● STORED DATA
>>
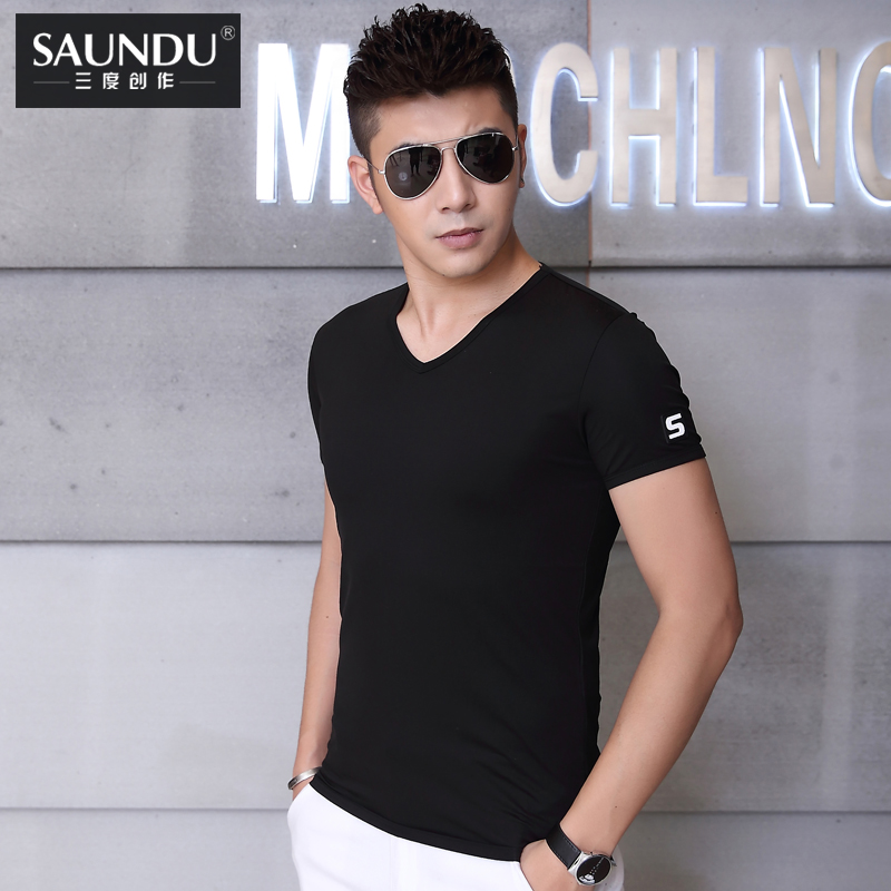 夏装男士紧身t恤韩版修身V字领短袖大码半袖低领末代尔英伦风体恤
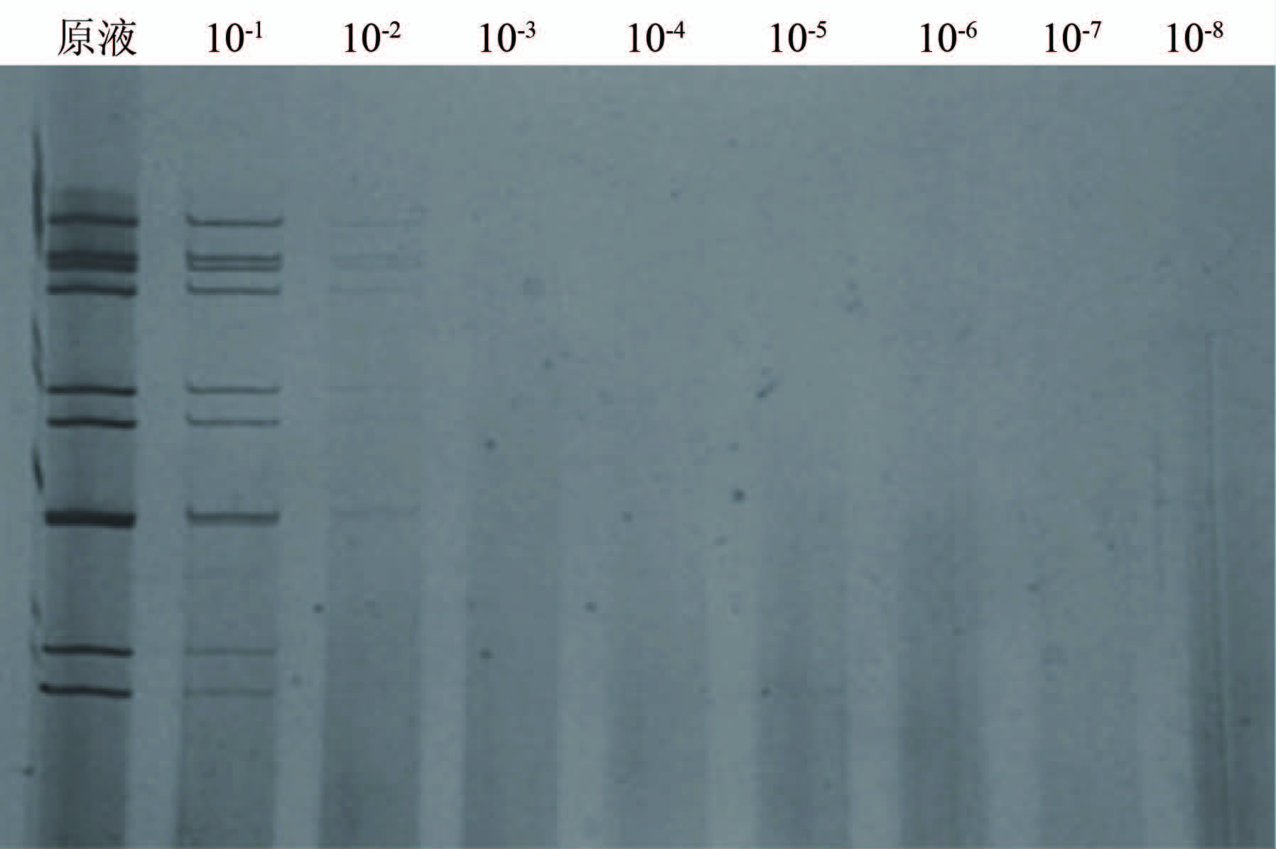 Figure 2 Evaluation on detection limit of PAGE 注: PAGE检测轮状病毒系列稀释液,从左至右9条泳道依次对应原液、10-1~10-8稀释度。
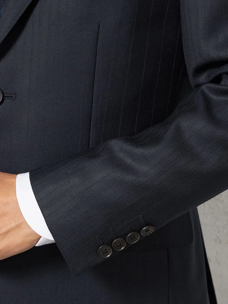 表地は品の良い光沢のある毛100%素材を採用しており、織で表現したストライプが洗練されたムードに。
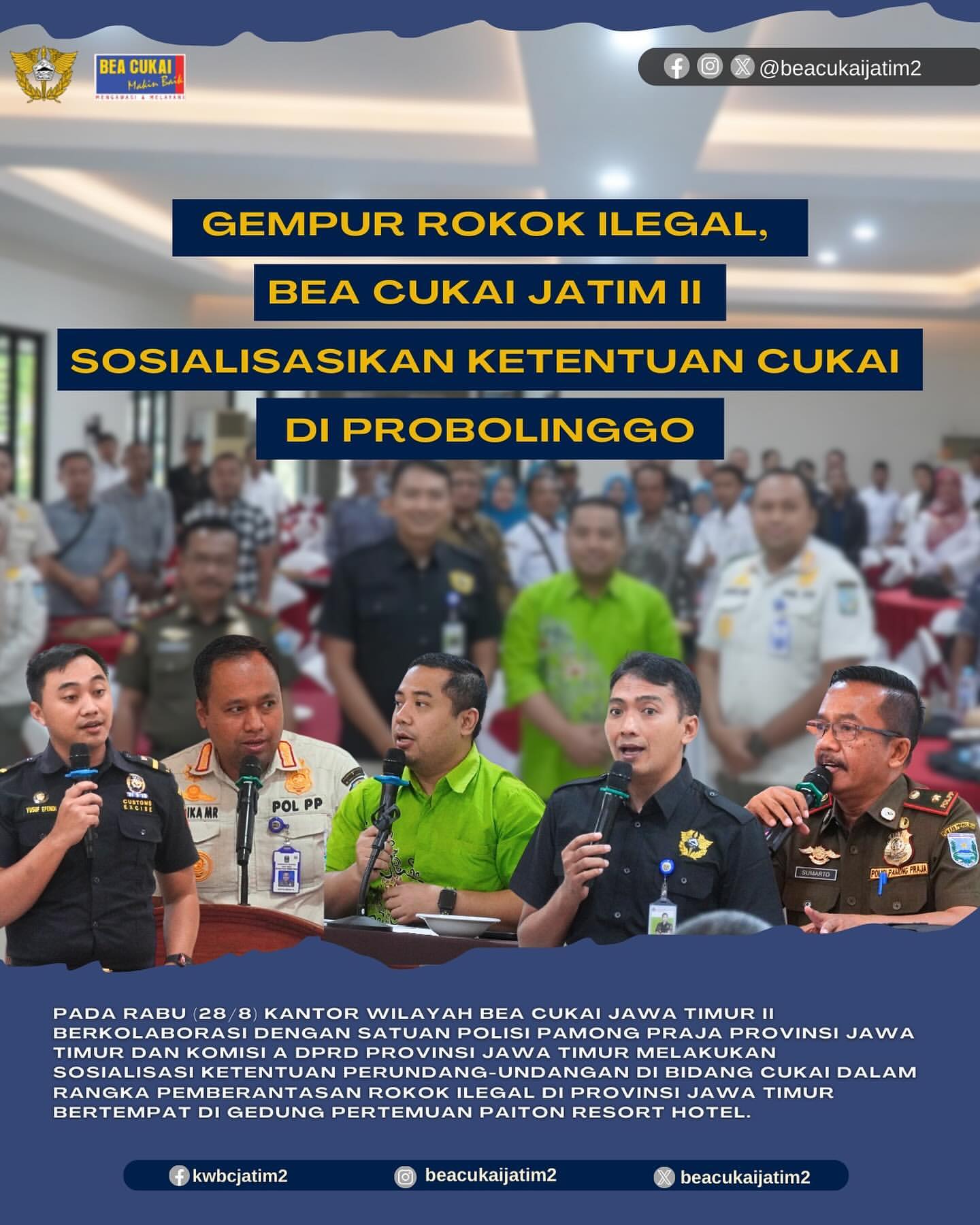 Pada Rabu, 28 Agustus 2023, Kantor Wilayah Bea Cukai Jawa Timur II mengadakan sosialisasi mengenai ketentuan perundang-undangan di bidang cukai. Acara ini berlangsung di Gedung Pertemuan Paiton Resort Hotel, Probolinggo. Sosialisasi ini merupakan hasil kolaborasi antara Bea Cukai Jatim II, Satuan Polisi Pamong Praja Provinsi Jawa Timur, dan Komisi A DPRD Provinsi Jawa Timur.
<<
● TASK INSTRUCTIONS
Copy only what lies between the start of the listing above and the line containing "表地は品の良い光沢のある毛1", inclusive of both ends, exactly as written, and drop the pictures.

● EXERCISE OUTPUT
 夏装男士紧身t恤韩版修身V字领短袖大码半袖低领末代尔英伦风体恤
 Figure 2 Evaluation on detection limit of PAGE 注: PAGE检测轮状病毒系列稀释液,从左至右9条泳道依次对应原液、10-1~10-8稀释度。
 表地は品の良い光沢のある毛100%素材を採用しており、織で表現したストライプが洗練されたムードに。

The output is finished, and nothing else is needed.